# Task to complete
Nothing but the pictures is dropped; write out all the remaining data below exactly.

# Data below
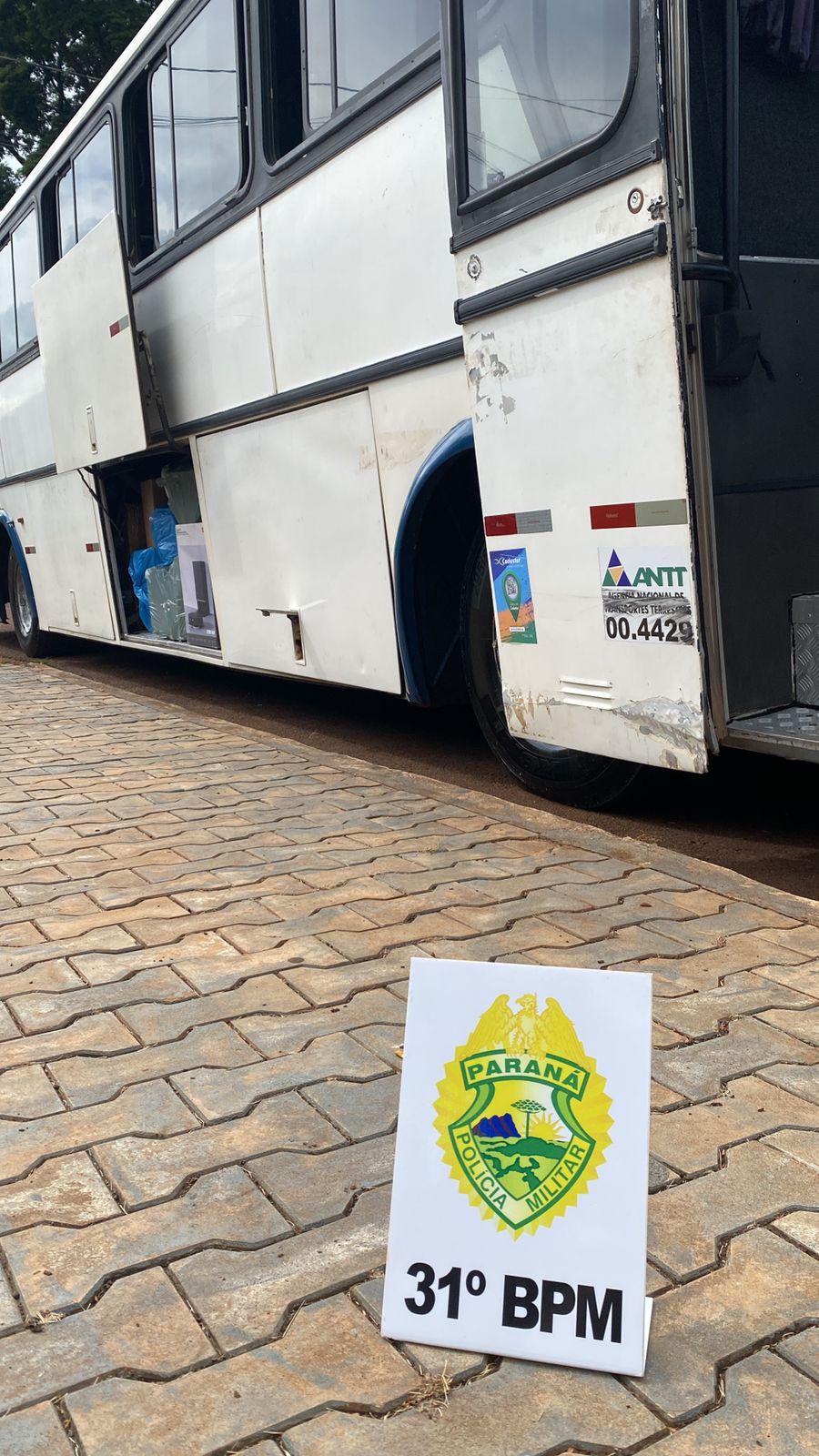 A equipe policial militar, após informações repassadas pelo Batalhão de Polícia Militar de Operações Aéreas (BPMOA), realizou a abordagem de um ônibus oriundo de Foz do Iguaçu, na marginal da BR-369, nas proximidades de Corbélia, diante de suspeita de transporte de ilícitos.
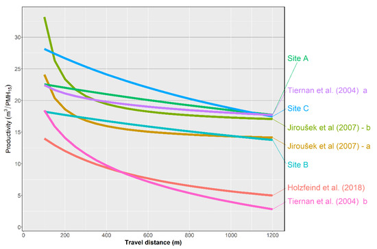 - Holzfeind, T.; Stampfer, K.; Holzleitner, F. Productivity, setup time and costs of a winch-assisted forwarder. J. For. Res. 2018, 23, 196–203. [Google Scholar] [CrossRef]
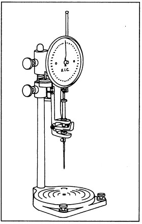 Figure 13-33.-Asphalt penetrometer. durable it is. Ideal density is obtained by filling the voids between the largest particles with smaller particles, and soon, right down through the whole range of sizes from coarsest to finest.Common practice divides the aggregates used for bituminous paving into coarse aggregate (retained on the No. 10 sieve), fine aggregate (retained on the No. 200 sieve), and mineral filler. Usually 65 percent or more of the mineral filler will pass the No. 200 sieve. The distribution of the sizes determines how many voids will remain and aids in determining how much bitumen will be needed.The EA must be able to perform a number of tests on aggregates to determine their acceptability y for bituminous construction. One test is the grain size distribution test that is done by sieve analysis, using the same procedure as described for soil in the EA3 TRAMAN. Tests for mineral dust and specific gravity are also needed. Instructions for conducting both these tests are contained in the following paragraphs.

# Response
 A equipe policial militar, após informações repassadas pelo Batalhão de Polícia Militar de Operações Aéreas (BPMOA), realizou a abordagem de um ônibus oriundo de Foz do Iguaçu, na marginal da BR-369, nas proximidades de Corbélia, diante de suspeita de transporte de ilícitos.
 - Holzfeind, T.; Stampfer, K.; Holzleitner, F. Productivity, setup time and costs of a winch-assisted forwarder. J. For. Res. 2018, 23, 196–203. [Google Scholar] [CrossRef]
 Figure 13-33.-Asphalt penetrometer. durable it is. Ideal density is obtained by filling the voids between the largest particles with smaller particles, and soon, right down through the whole range of sizes from coarsest to finest.Common practice divides the aggregates used for bituminous paving into coarse aggregate (retained on the No. 10 sieve), fine aggregate (retained on the No. 200 sieve), and mineral filler. Usually 65 percent or more of the mineral filler will pass the No. 200 sieve. The distribution of the sizes determines how many voids will remain and aids in determining how much bitumen will be needed.The EA must be able to perform a number of tests on aggregates to determine their acceptability y for bituminous construction. One test is the grain size distribution test that is done by sieve analysis, using the same procedure as described for soil in the EA3 TRAMAN. Tests for mineral dust and specific gravity are also needed. Instructions for conducting both these tests are contained in the following paragraphs.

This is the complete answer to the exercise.